_Task prompt_
Copy each entry below unchanged; the images do not go in the copy.

(Stored entries)
____________________

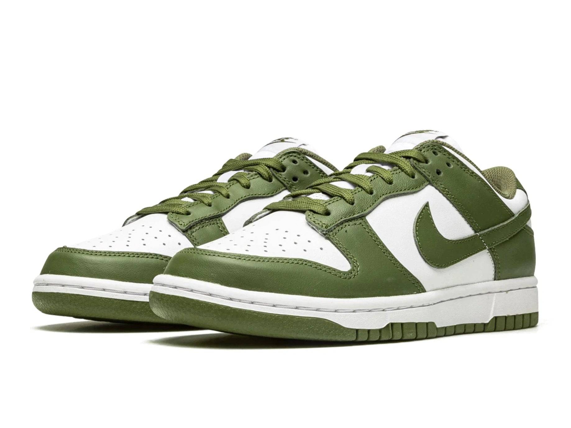 The Nike Dunk Low Medium Olive brings a fresh dose of style to your rotation with its timeless two-tone colorblocking. The deep olive green overlays contrast perfectly with the stark white of the base, making this sneaker effortlessly pair with almost any outfit. Whether you go for a casual street look or something more dressed up — this Dunk always fits.
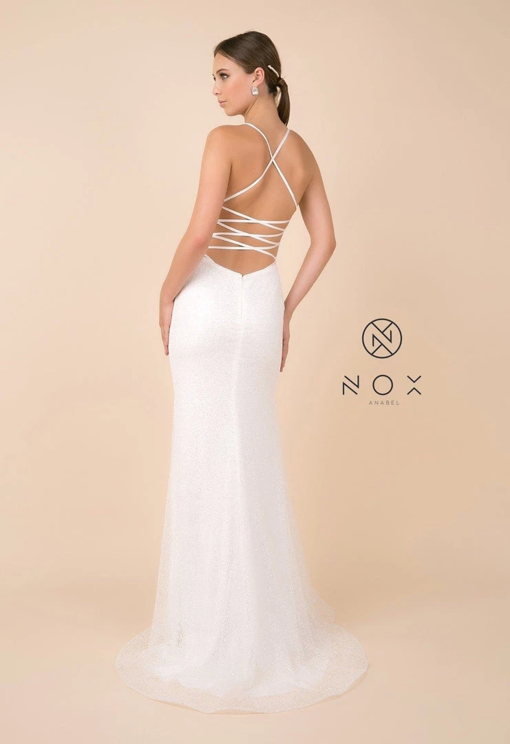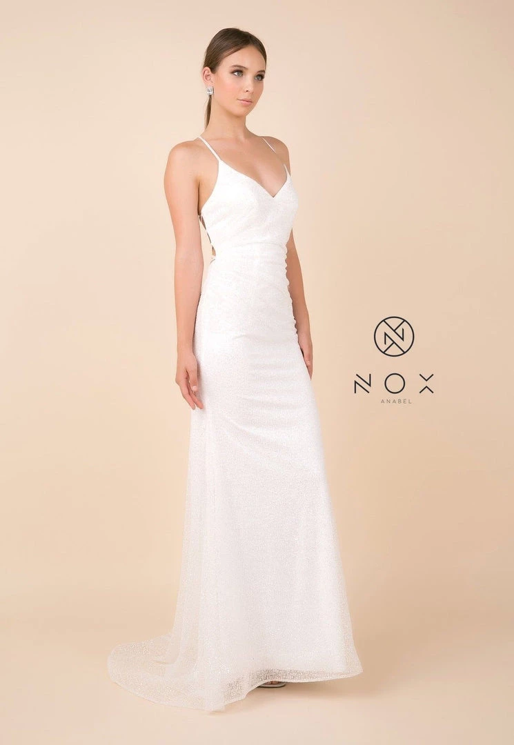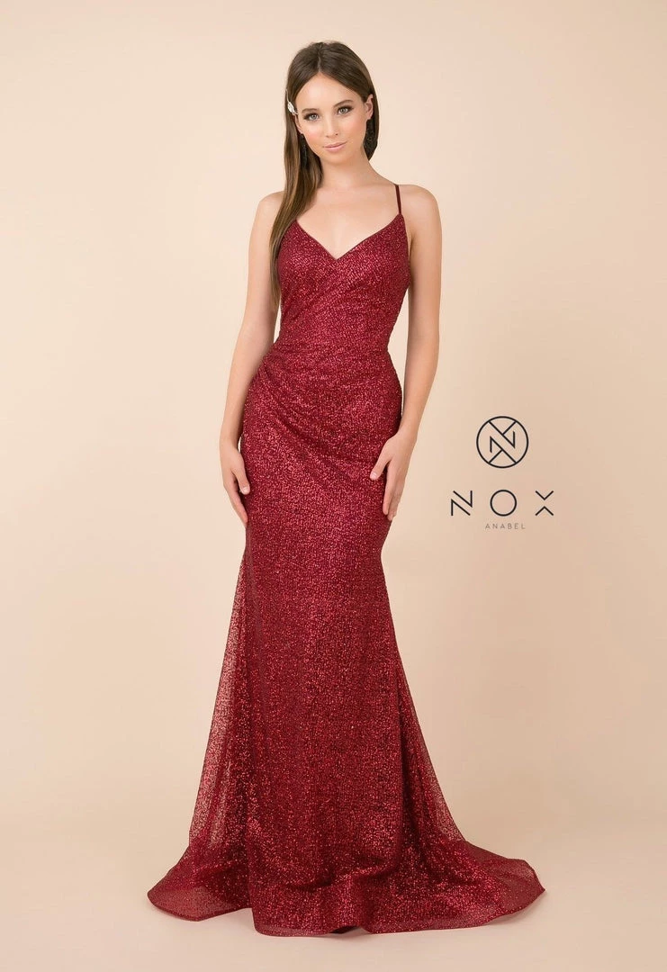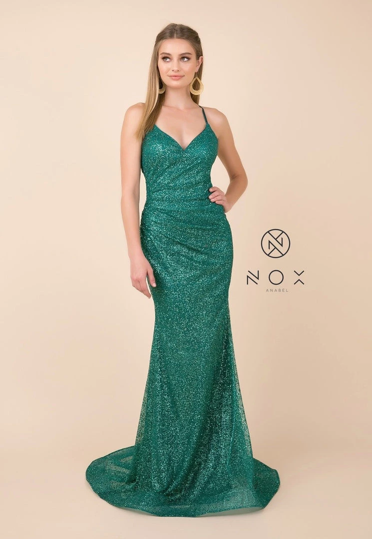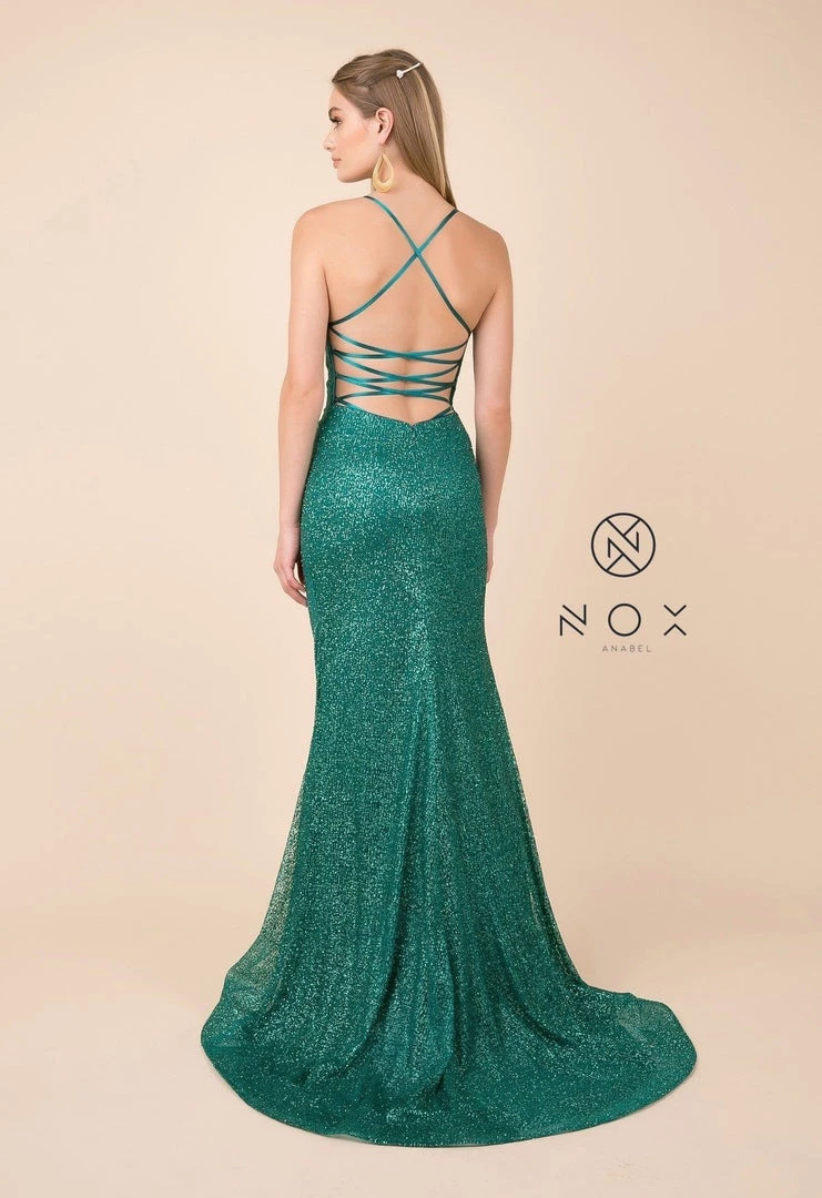 Make your night sparkle in this long sleeveless V-neck mermaid glitter dress with sweep train by Nox Anabel T290.
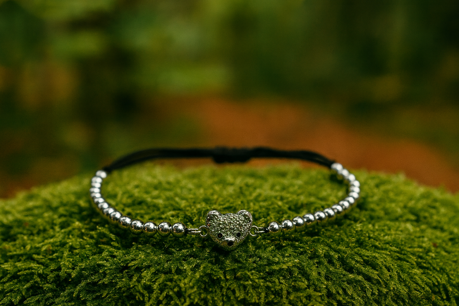 This adjustable silver bracelet features a mix of colorful rainstons and designs, creating a vibrant and eye-catching look. Pink bear charm.
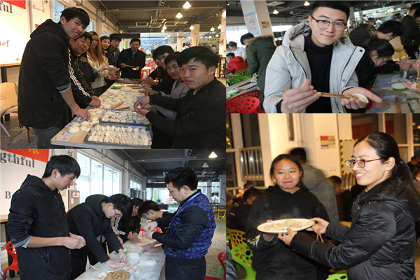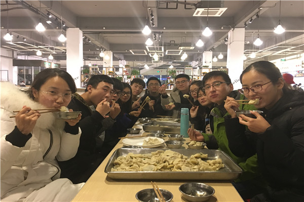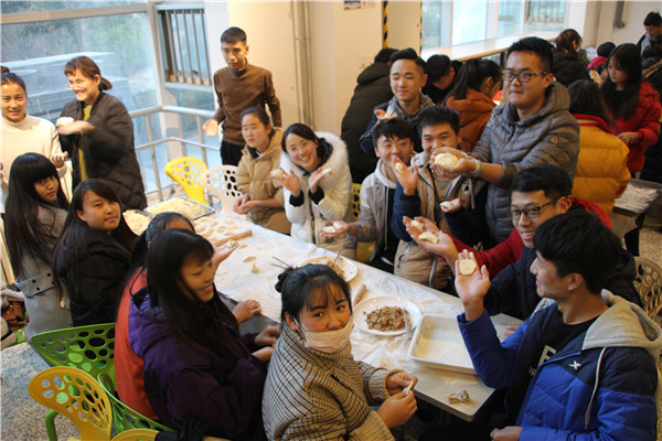 在愉悦、欢乐的氛围中,一盘盘热气腾腾的饺子被端上了餐桌,辅导员老师们亲自为同学们分饺子。吃着香喷喷的饺子,大家感受到了青春的快乐和集体的温暖,更感受到中国传统节日的魅力。
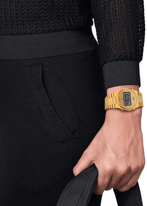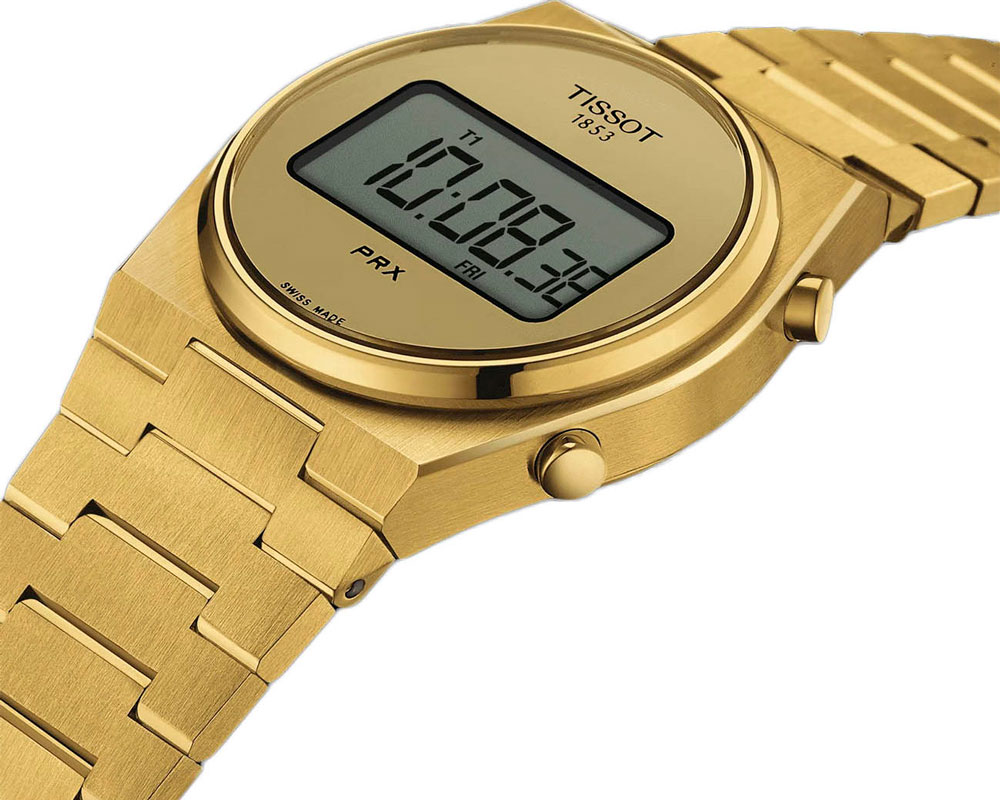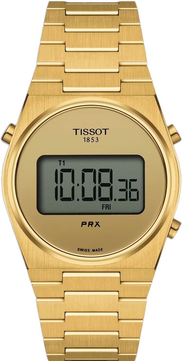 Часы-хронограф в ретро-стиле PRX Digital. Унисекс. 12-ти и 24-х часовой формат времени. Второй часовой пояс. Индикатор даты и дня недели. Функция индикации заряда (EOL). Стальной браслет с раскладывающейся застежкой и системой быстрой замены.
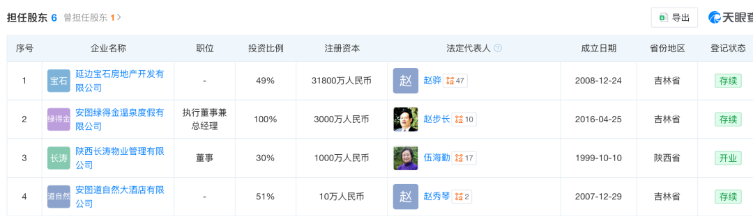 如今,延边宝石已与赵氏家族深度绑定:赵步长直接持股49%,剩余51%由吉林省安图长涛矿泉饮品有限公司持有,后者94.8%股份由赵步长的长子赵涛的岳母王秀珍持有,1%由长女赵骅(步长制药总裁助理)持有。
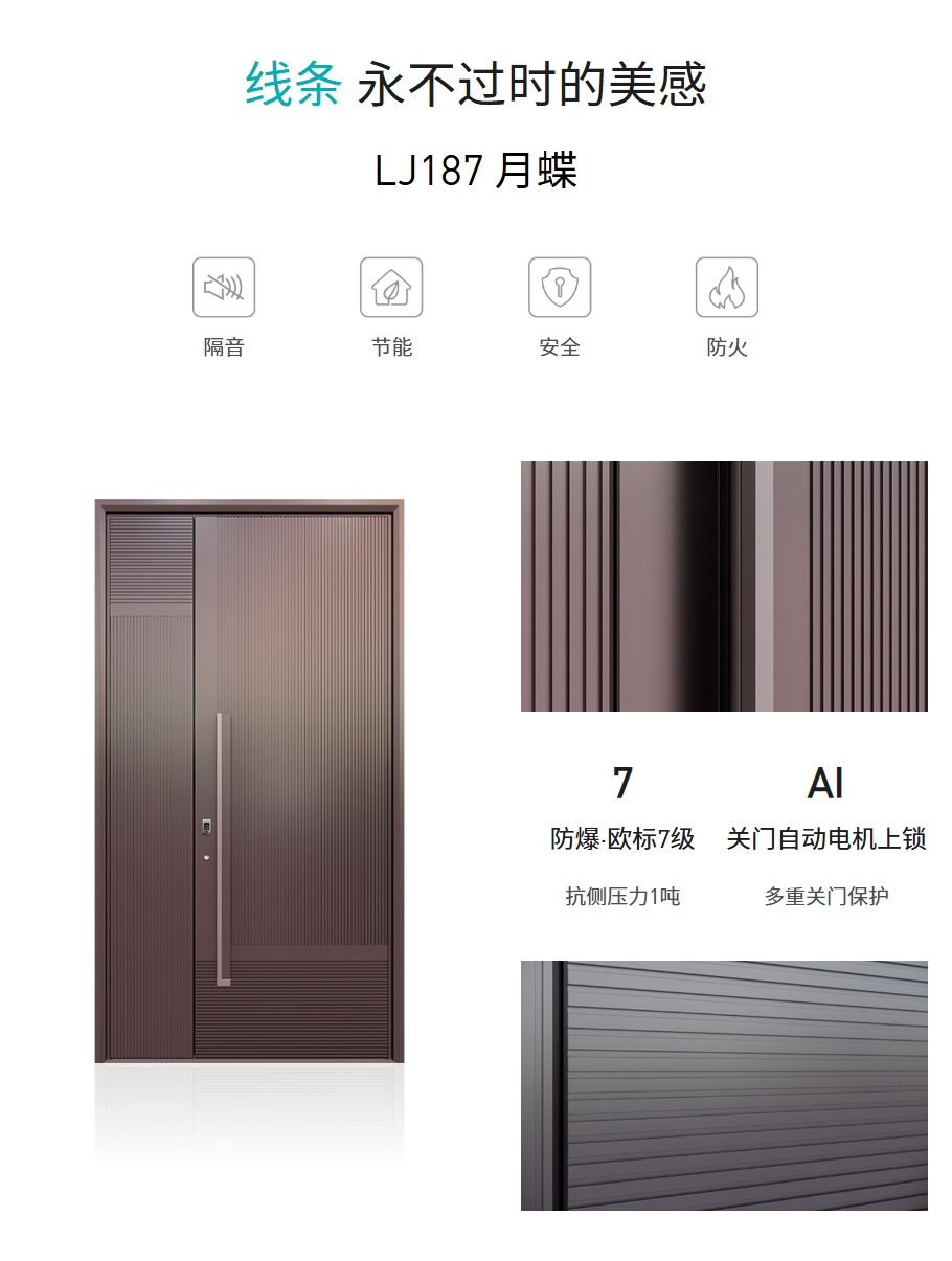 产品,请仔细浏览本页面。如您还有疑问,请拨打服务电话,我们将免费为您提供装甲门LJ187的款式、价格、生产厂家、安装维修等方面的咨询服务。
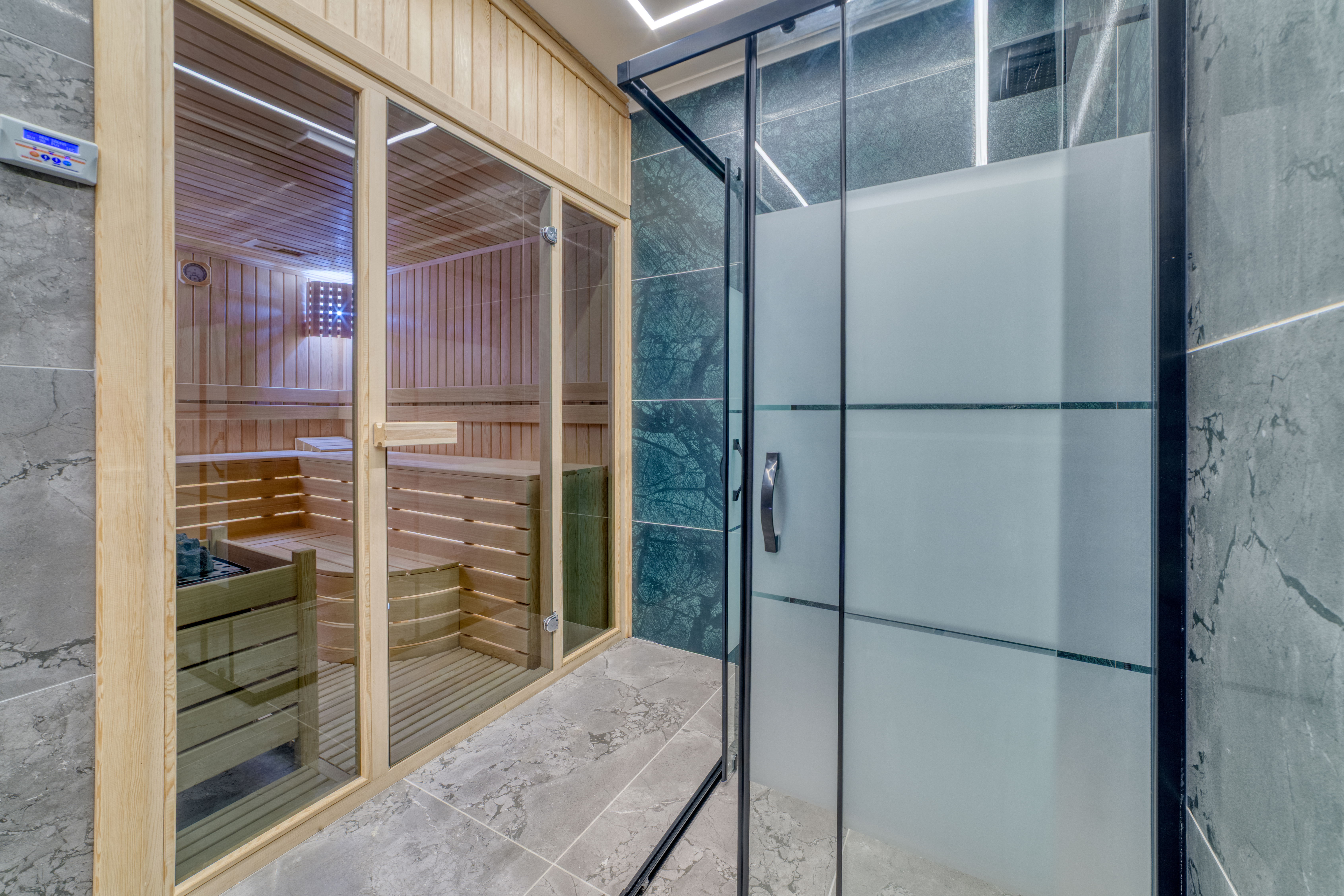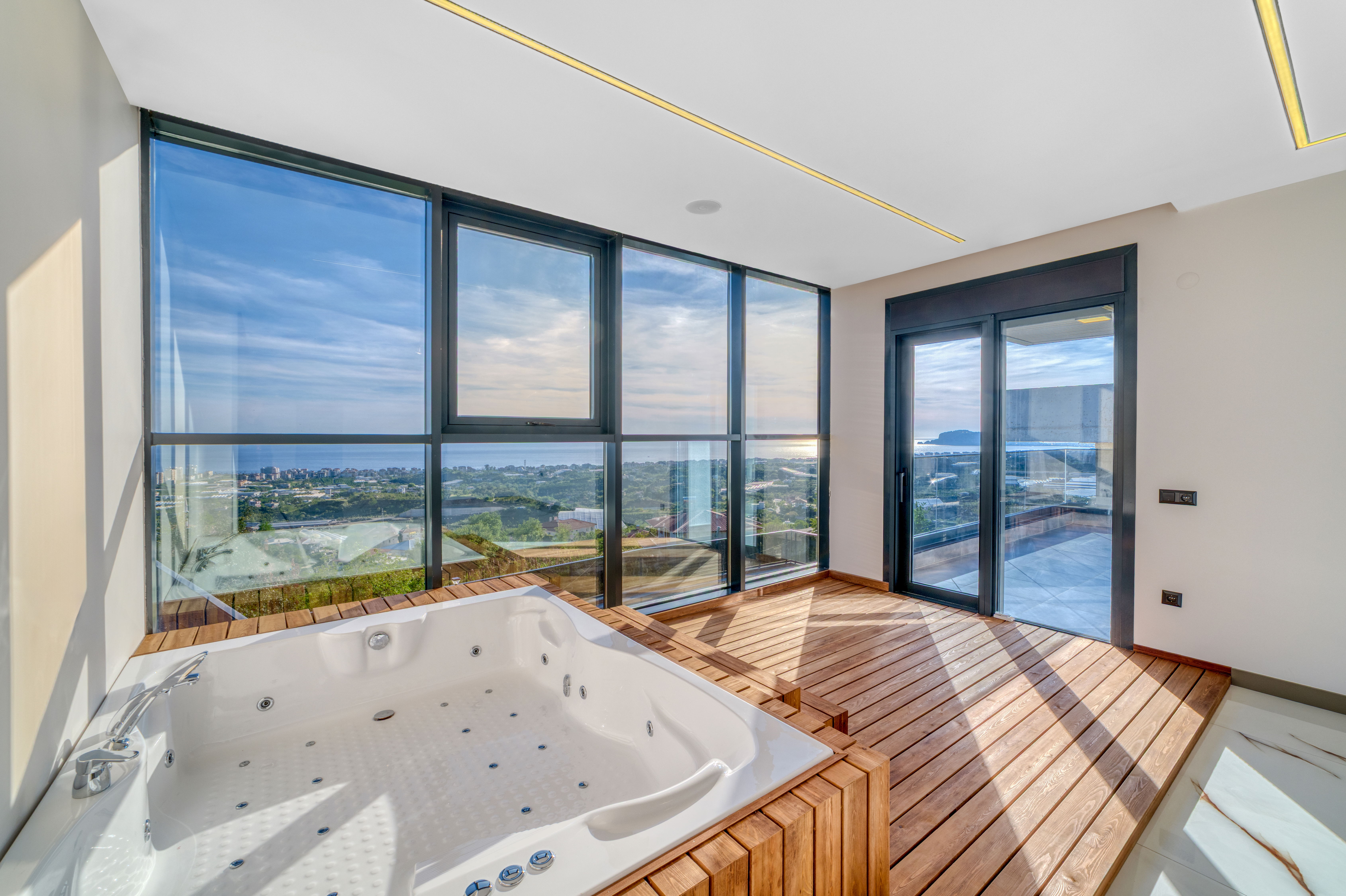 Дерев’яна підлога під ванною додає тепла до холодного мармуру. Освітлення мінімальне; тонкі LED-лінії окреслюють стелю, залишаючи головний акцент на краєвиді.
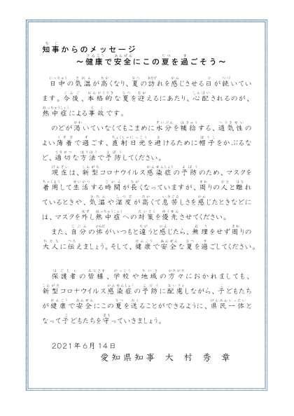 熱中症防止のための愛知県知事からのメッセージです。 →拡大
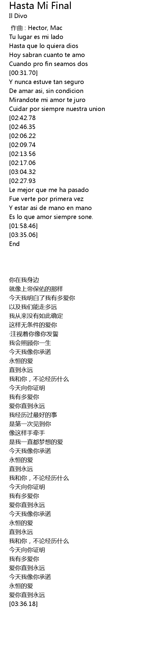 | [03:19.16][03:04.32][02:20.75][01:22.58] | Amamdote hasta mi final |
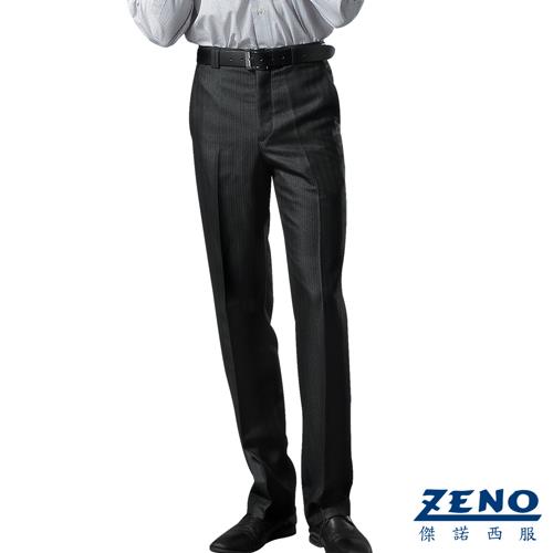 ZENO傑諾 厚暖刷毛條紋平面西裝褲‧黑色
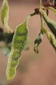 It grows as a resinous, multi-stemmed shrub or small tree, 0.6 to 7 metres (2 to 23 ft) in height, with grey or reddish-brown minni ritchi bark.[1] The plant normally has a V shaped form with an openly branched spreading crown at times with sparse foliage present. The evergreen phyllodes have an elliptic to obovate shape and are slightly asymmetrical. The blade is 10 to 32 millimetres (0.39 to 1.26 in) in length and 5 to 20 millimetres (0.20 to 0.79 in) wide and has three to five main longitudinal nerves.[2] It produces yellow flowers from April to August.[1] The simple inflorescences have fragrant, globular to obloid or occasionally shortly cylindrically shaped flower heads that are 10 to 20 mm (0.39 to 0.79 in) in length with light golden flowers. The flowers are not very densely packed in the heads and are relatively large in size. The leathery seed pods that form following flowering are brown in colour and slightly shiny. Each pod has a narrowly oblong shape and is mostly flat but raised over the seeds. The pods are 2 to 10 cm (0.8 to 3.9 in) in length and 7 to 15 mm (0.28 to 0.59 in) wide, they are sticky with resin and have a sweetly aromatic smell. The shiny deep brown seeds within the pods have an obloid-ellipsoidal shape and are 4 to 6 mm (0.157 to 0.236 in) in length and 3 to 4 mm (0.118 to 0.157 in) wide.[2]

____________________

_Written answer_
 The Nike Dunk Low Medium Olive brings a fresh dose of style to your rotation with its timeless two-tone colorblocking. The deep olive green overlays contrast perfectly with the stark white of the base, making this sneaker effortlessly pair with almost any outfit. Whether you go for a casual street look or something more dressed up — this Dunk always fits.
 Make your night sparkle in this long sleeveless V-neck mermaid glitter dress with sweep train by Nox Anabel T290.
 This adjustable silver bracelet features a mix of colorful rainstons and designs, creating a vibrant and eye-catching look. Pink bear charm.
 在愉悦、欢乐的氛围中,一盘盘热气腾腾的饺子被端上了餐桌,辅导员老师们亲自为同学们分饺子。吃着香喷喷的饺子,大家感受到了青春的快乐和集体的温暖,更感受到中国传统节日的魅力。
 Часы-хронограф в ретро-стиле PRX Digital. Унисекс. 12-ти и 24-х часовой формат времени. Второй часовой пояс. Индикатор даты и дня недели. Функция индикации заряда (EOL). Стальной браслет с раскладывающейся застежкой и системой быстрой замены.
 如今,延边宝石已与赵氏家族深度绑定:赵步长直接持股49%,剩余51%由吉林省安图长涛矿泉饮品有限公司持有,后者94.8%股份由赵步长的长子赵涛的岳母王秀珍持有,1%由长女赵骅(步长制药总裁助理)持有。
 产品,请仔细浏览本页面。如您还有疑问,请拨打服务电话,我们将免费为您提供装甲门LJ187的款式、价格、生产厂家、安装维修等方面的咨询服务。
 Дерев’яна підлога під ванною додає тепла до холодного мармуру. Освітлення мінімальне; тонкі LED-лінії окреслюють стелю, залишаючи головний акцент на краєвиді.
 熱中症防止のための愛知県知事からのメッセージです。 →拡大
 | [03:19.16][03:04.32][02:20.75][01:22.58] | Amamdote hasta mi final |
 ZENO傑諾 厚暖刷毛條紋平面西裝褲‧黑色
 It grows as a resinous, multi-stemmed shrub or small tree, 0.6 to 7 metres (2 to 23 ft) in height, with grey or reddish-brown minni ritchi bark.[1] The plant normally has a V shaped form with an openly branched spreading crown at times with sparse foliage present. The evergreen phyllodes have an elliptic to obovate shape and are slightly asymmetrical. The blade is 10 to 32 millimetres (0.39 to 1.26 in) in length and 5 to 20 millimetres (0.20 to 0.79 in) wide and has three to five main longitudinal nerves.[2] It produces yellow flowers from April to August.[1] The simple inflorescences have fragrant, globular to obloid or occasionally shortly cylindrically shaped flower heads that are 10 to 20 mm (0.39 to 0.79 in) in length with light golden flowers. The flowers are not very densely packed in the heads and are relatively large in size. The leathery seed pods that form following flowering are brown in colour and slightly shiny. Each pod has a narrowly oblong shape and is mostly flat but raised over the seeds. The pods are 2 to 10 cm (0.8 to 3.9 in) in length and 7 to 15 mm (0.28 to 0.59 in) wide, they are sticky with resin and have a sweetly aromatic smell. The shiny deep brown seeds within the pods have an obloid-ellipsoidal shape and are 4 to 6 mm (0.157 to 0.236 in) in length and 3 to 4 mm (0.118 to 0.157 in) wide.[2]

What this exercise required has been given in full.